**WORK INSTRUCTION**. The answer should consist of the full listing below, repeated exactly and free of pictures.

**INFORMATION SUPPLIED**.
------------------------------

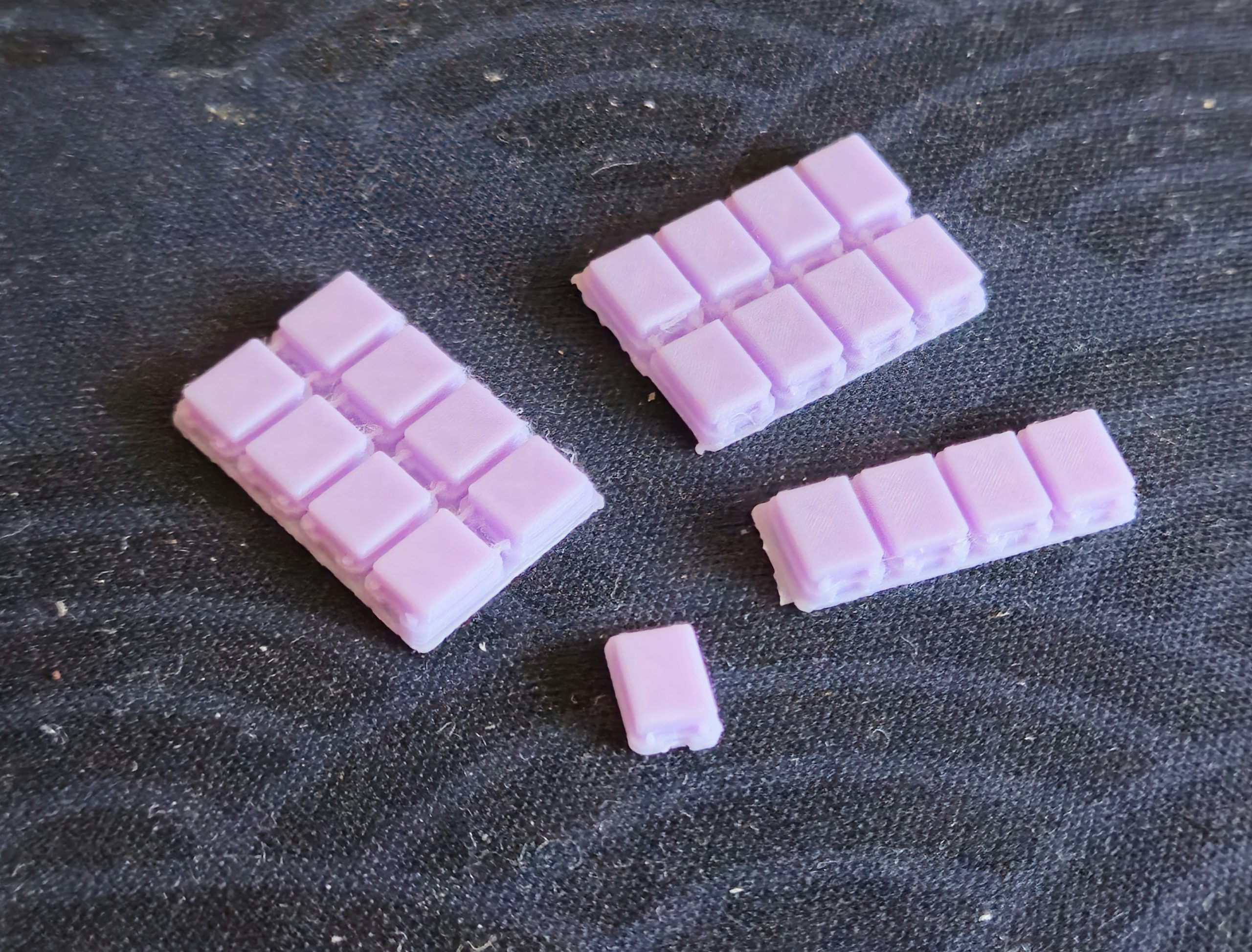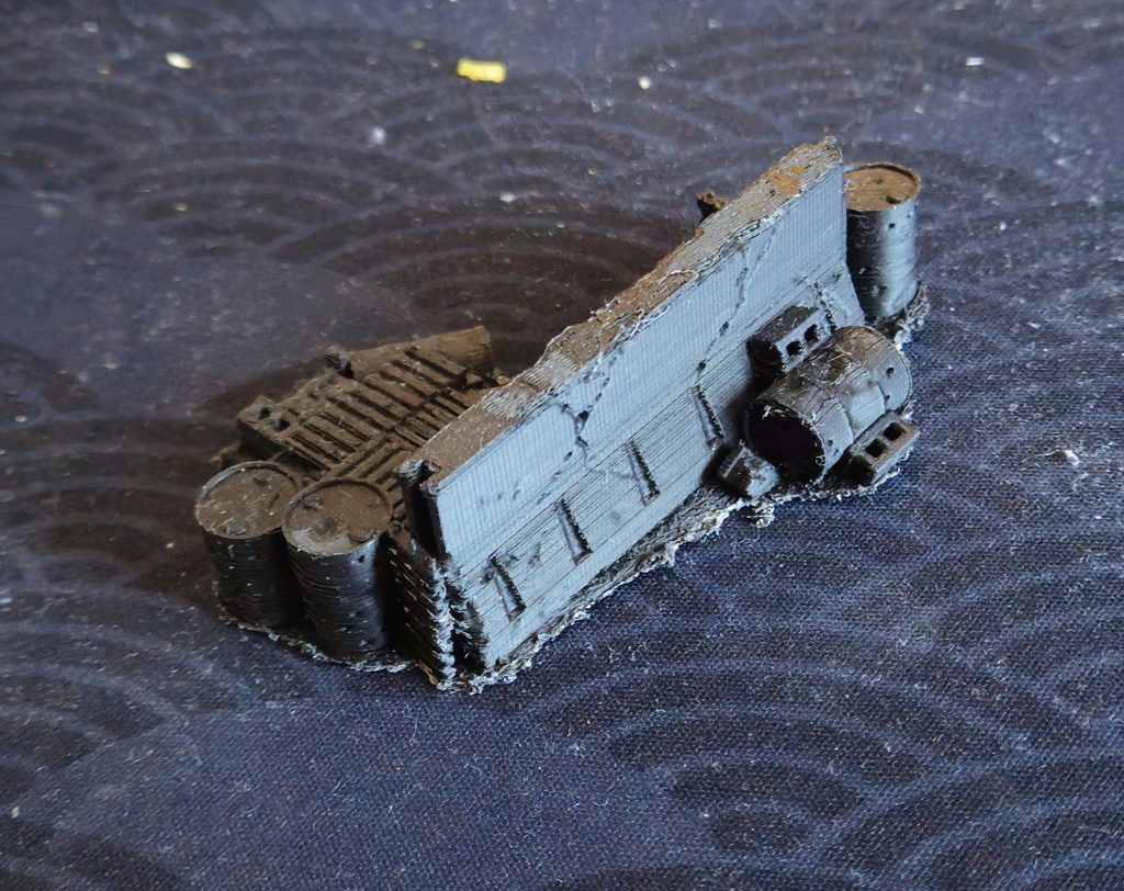 This set of scatter terrain was printed with sub-optimal filament settings but is nonetheless workable.
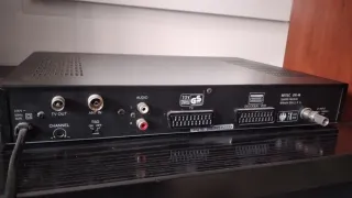 Reproductor combinado de VHS y DVD. - Diseño plateado. - Panel frontal con botones de control. - Puertos de conexión en la parte trasera.Con lote VHS 40und.
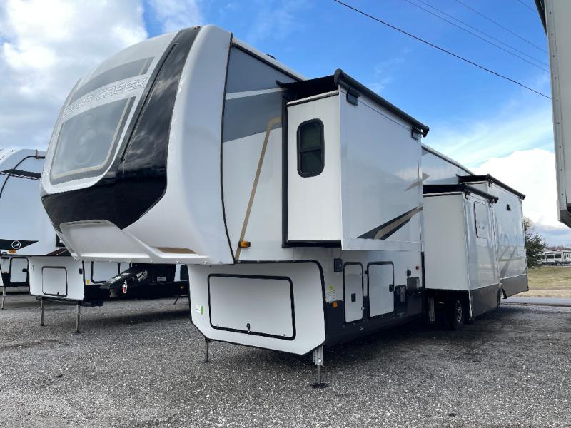 See where the road leads with any one of these Forest River Cedar Creek fifth wheels! They are constructed with the famous Cedar Creek all-aluminum superstructure on 16" centers, a "True" gelcoat exterior, and Silaprene® bonded sidewalls that are resilient, grow stronger with age, and also have an outstanding resistance to UV, heat, cold, moisture, oil/gas, and highway chemicals. The Dexter Performance and Safety Package will give you a peace of mind while driving down the road. You can also bring your furry friend with the animal leash latch, and enjoy your privacy with the Hehr frameless, tinted automotive-style windows. A few other convenient features you are sure to love are the Intervac central vacuum system with a front storage compartment port and interior automatic dustpan, the Congoleum® flooring (carpet mandatory in dining slide), and the USB plug-ins on each side of the king bed. Come choose the model that best suits you today!

------------------------------

**WRITTEN ANSWER**.
 This set of scatter terrain was printed with sub-optimal filament settings but is nonetheless workable.
 Reproductor combinado de VHS y DVD. - Diseño plateado. - Panel frontal con botones de control. - Puertos de conexión en la parte trasera.Con lote VHS 40und.
 See where the road leads with any one of these Forest River Cedar Creek fifth wheels! They are constructed with the famous Cedar Creek all-aluminum superstructure on 16" centers, a "True" gelcoat exterior, and Silaprene® bonded sidewalls that are resilient, grow stronger with age, and also have an outstanding resistance to UV, heat, cold, moisture, oil/gas, and highway chemicals. The Dexter Performance and Safety Package will give you a peace of mind while driving down the road. You can also bring your furry friend with the animal leash latch, and enjoy your privacy with the Hehr frameless, tinted automotive-style windows. A few other convenient features you are sure to love are the Intervac central vacuum system with a front storage compartment port and interior automatic dustpan, the Congoleum® flooring (carpet mandatory in dining slide), and the USB plug-ins on each side of the king bed. Come choose the model that best suits you today!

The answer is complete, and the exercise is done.